▶ EXERCISE OBJECTIVE
Without the images, print every line of the material below exactly as given.

═════ RECORDED DATA

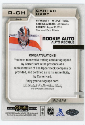 2018-19 O-Pee-Chee Platinum Carter Hart Rookie Autograph
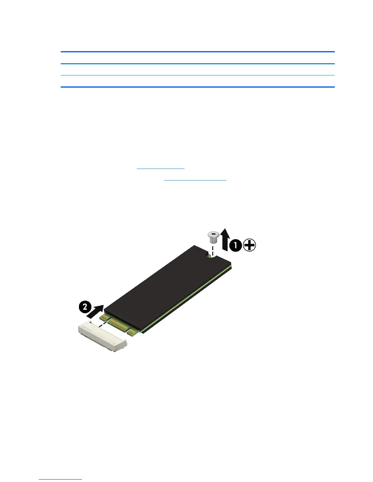 2. Remove the solid-state drive (2) by pulling the module away from the slot at an angle.
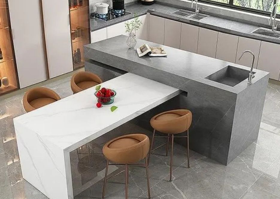 Mặt bàn bếp, đảo bếp: Đá Solid Surface giúp không gian bếp sang trọng và hiện đại.

══════════

▶ EXERCISE RESPONSE
 2018-19 O-Pee-Chee Platinum Carter Hart Rookie Autograph
 2. Remove the solid-state drive (2) by pulling the module away from the slot at an angle.
 Mặt bàn bếp, đảo bếp: Đá Solid Surface giúp không gian bếp sang trọng và hiện đại.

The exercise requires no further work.